Directions for this task
With the pictures left out, set down the line containing "An emergency communication" and each line after it to the end of the material, exactly as written.

··· Information given ···

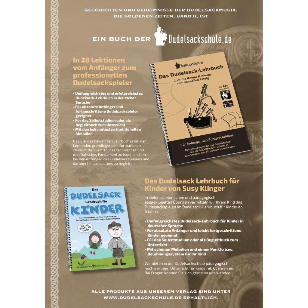 Erleben Sie eine faszinierende Reise in die Welt der Musik, eine Zeitreise zurück in die Geschichte der Dudelsackklänge. Mit unserem Buch "Geschichten und Geheimnisse der Dudelsackmusik: Die goldenen Zeiten 1950 - 1990" erleben Sie die Geschichten hinter den einzigartigen Dudelsackmelodien, die von 1950 bis 1990 komponiert wurden. Dudelsackmusik ist mehr als nur Klänge; sie ist eine lebendige Kultur, die Generationen von Menschen auf der ganzen Welt begeistert hat und bis heute fasziniert. In unserem Buch enthüllen wir die Geschichten, die mit den berühmtesten Dudelsackmelodien von 1950 bis 1990 verbunden sind. Dieses Buch ist eine Hommage an die Tradition und das Erbe der Dudelsackmusik, die sowohl Liebhaber als auch Neulinge in ihren Bann ziehen wird. Lernen Sie viele verschiedene Dudelsacklieder von den schottischen Highlands bis zu den irischen Hügeln und darüber hinaus kennen und erfahren Sie, für welche Anlässe diese Lieder komponiert und interpretiert wurden. Unsere Autorin und Lehrerin Susy Klinger ist eine renommierte Musikexpertin und Dudelsackliebhaberin, die ihr umfangreiches Wissen und ihre Leidenschaft in dieses Buch einfließen lässt. Sie recherchierte viele Jahre in Schottland und den Nachbarländern, führte viele Interviews mit alten und berühmten Dudelsackspielern und studierte die Dudelsackmusik ausgiebig, um Ihnen in diesem Lebenswerk die Geschichten und Komponisten vieler Dudelsacklieder vorzustellen. Von traditionellen Balladen bis zu lebhaften Tanzmelodien - dieses Buch ist eine Schatztruhe voller musikalischer Entdeckungen. Die reichhaltige Sammlung von Informationen zu den Dudelsackmelodien in diesem Buch wird ergänzt durch sorgfältig ausgewählte Abbildungen und Illustrationen, die die Atmosphäre und die Kultur der jeweiligen Zeitperiode lebendig werden lassen. Jede Seite ist eine Einladung, in die Geschichte einzutauchen und sich in vergangene Zeiten mitreißen zu lassen. Bestellen Sie Ihr Exemplar noch heute und lassen Sie sich von der Musikgeschichte inspirieren.
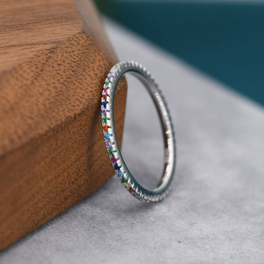 Skinny Rainbow Crystal Pave Ring in Sterling Silver, Gold Vermeil Crystal Pave Ring, Stacking Rings, Eternity Ring, US 5 - 8
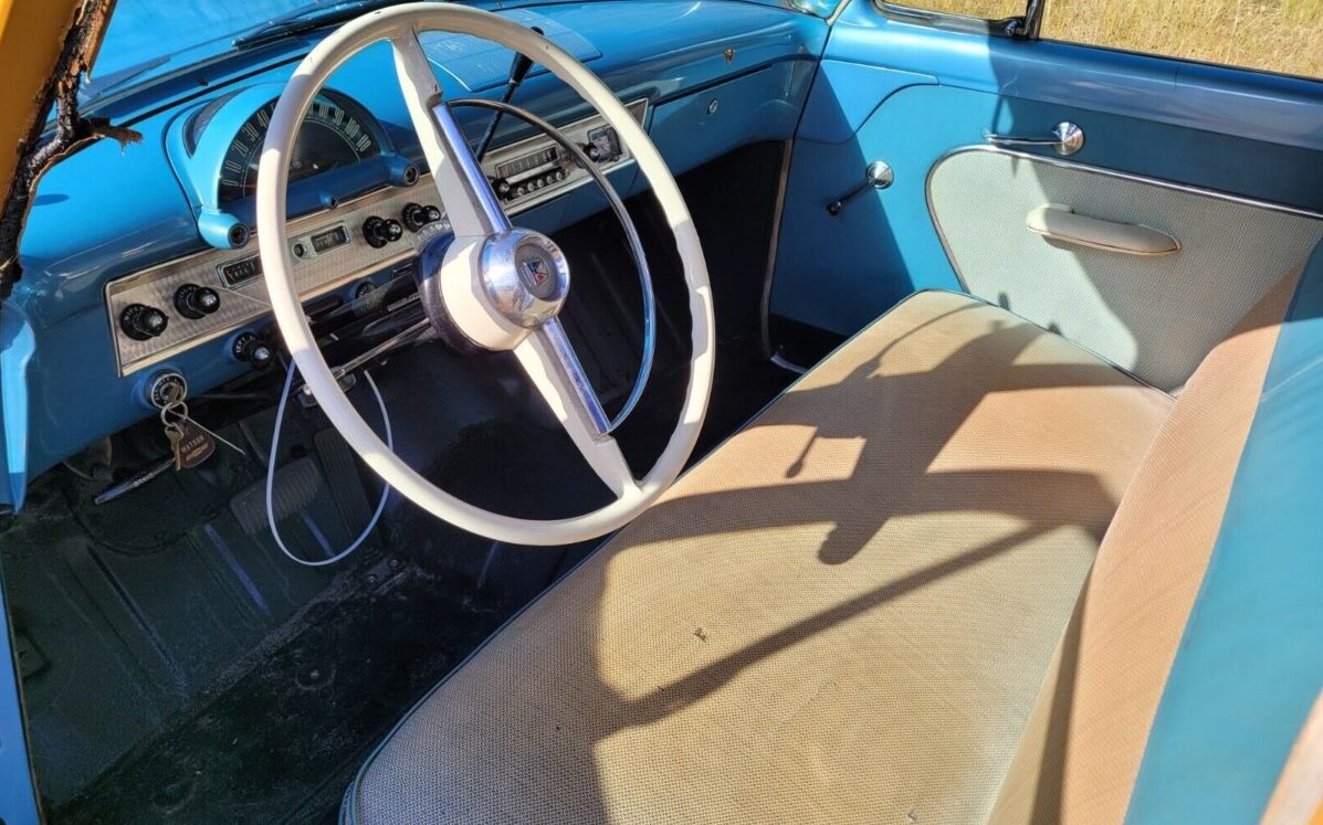The two-tone interior pretty much reflects the exterior’s notable condition. There is some obvious discoloration with the weave upholstery and it appears as if the mat for the toe board area of the front floor is absent, but beyond that, no complaints. The instrument panel is surprisingly clean with bright and clear gauges and no noted missing switch gear. This is a nine-passenger wagon and an image of the rear cargo area would be helpful but unfortunately, none is included. You can always tell a Ford of this era by its left of the steering column ignition switch.
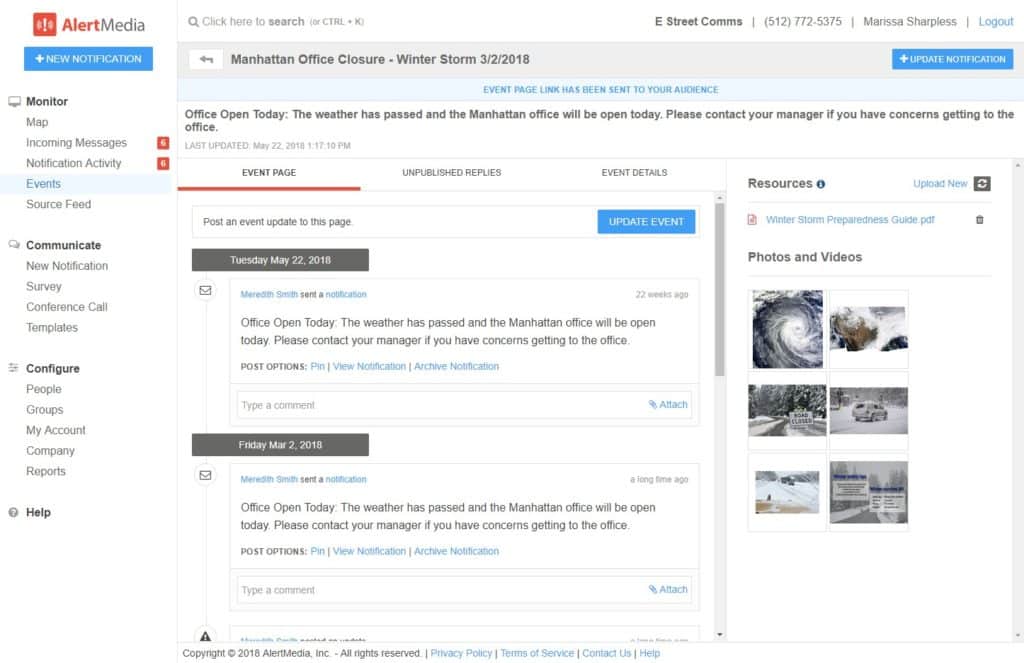An emergency communication system—with features such as multichannel delivery, two-way messaging, pre-built communication templates, and easily updatable event pages—can help you ensure all employees receive the information they need when they need it. Organizations can quickly and reliably disseminate information to employees about storm-related outages, closures, and safety information.
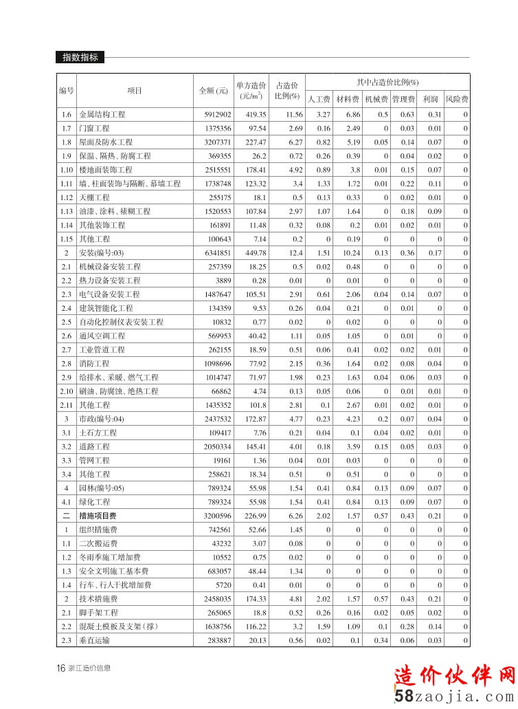 浙江省某学校建筑安装工程(指标)
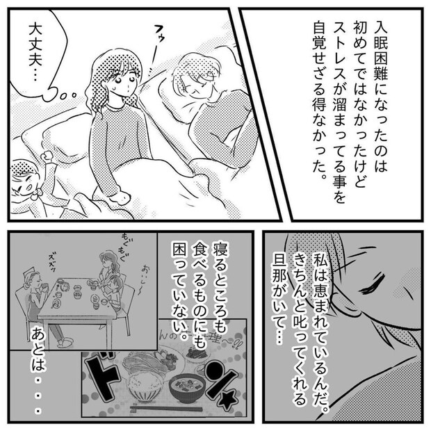 息子の学校でのトラブル、義実家との同居、夫の叱り方。モヤモヤが膨らみ、もっつんさんは寝つきが悪くなる程ストレスを溜めていました。
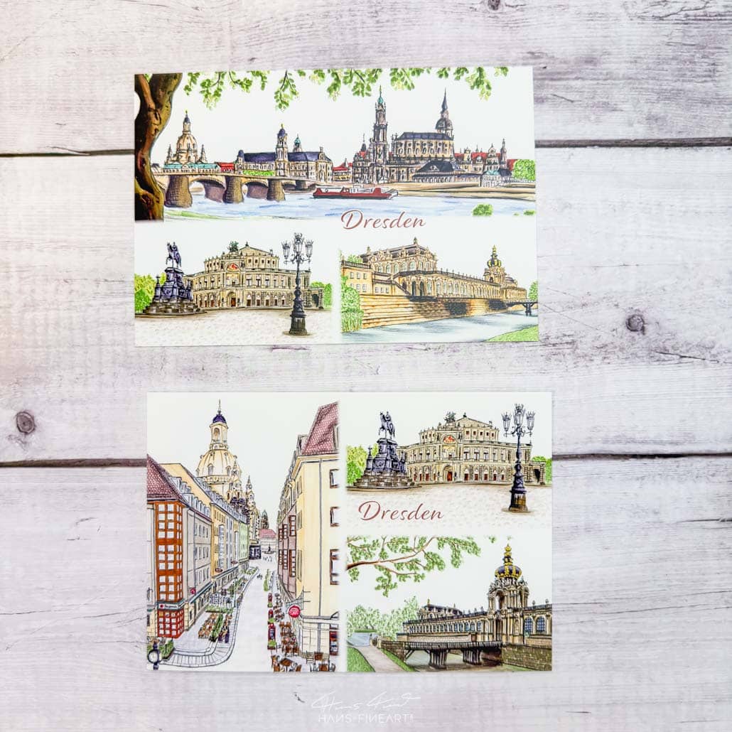 Dieses Geschenkset vereint unterschiedliche Formate und Motive aus meinem Dresden-Sortiment. Fotografie und Illustration treffen hier aufeinander und ergeben eine ausgewogene Mischung aus bekannten Stadtansichten und besonderen Details.
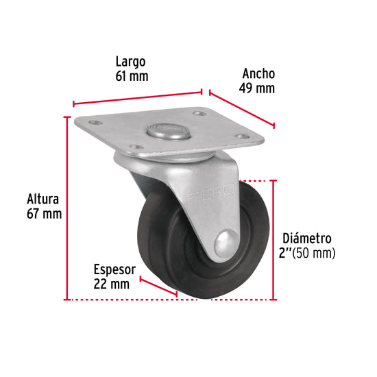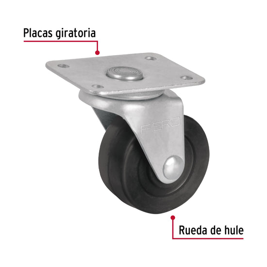 • Rueda de hule con buje y placa de acero con acabado galvanizado

···

Solution
An emergency communication system—with features such as multichannel delivery, two-way messaging, pre-built communication templates, and easily updatable event pages—can help you ensure all employees receive the information they need when they need it. Organizations can quickly and reliably disseminate information to employees about storm-related outages, closures, and safety information.
 浙江省某学校建筑安装工程(指标)
 息子の学校でのトラブル、義実家との同居、夫の叱り方。モヤモヤが膨らみ、もっつんさんは寝つきが悪くなる程ストレスを溜めていました。
 Dieses Geschenkset vereint unterschiedliche Formate und Motive aus meinem Dresden-Sortiment. Fotografie und Illustration treffen hier aufeinander und ergeben eine ausgewogene Mischung aus bekannten Stadtansichten und besonderen Details.
 • Rueda de hule con buje y placa de acero con acabado galvanizado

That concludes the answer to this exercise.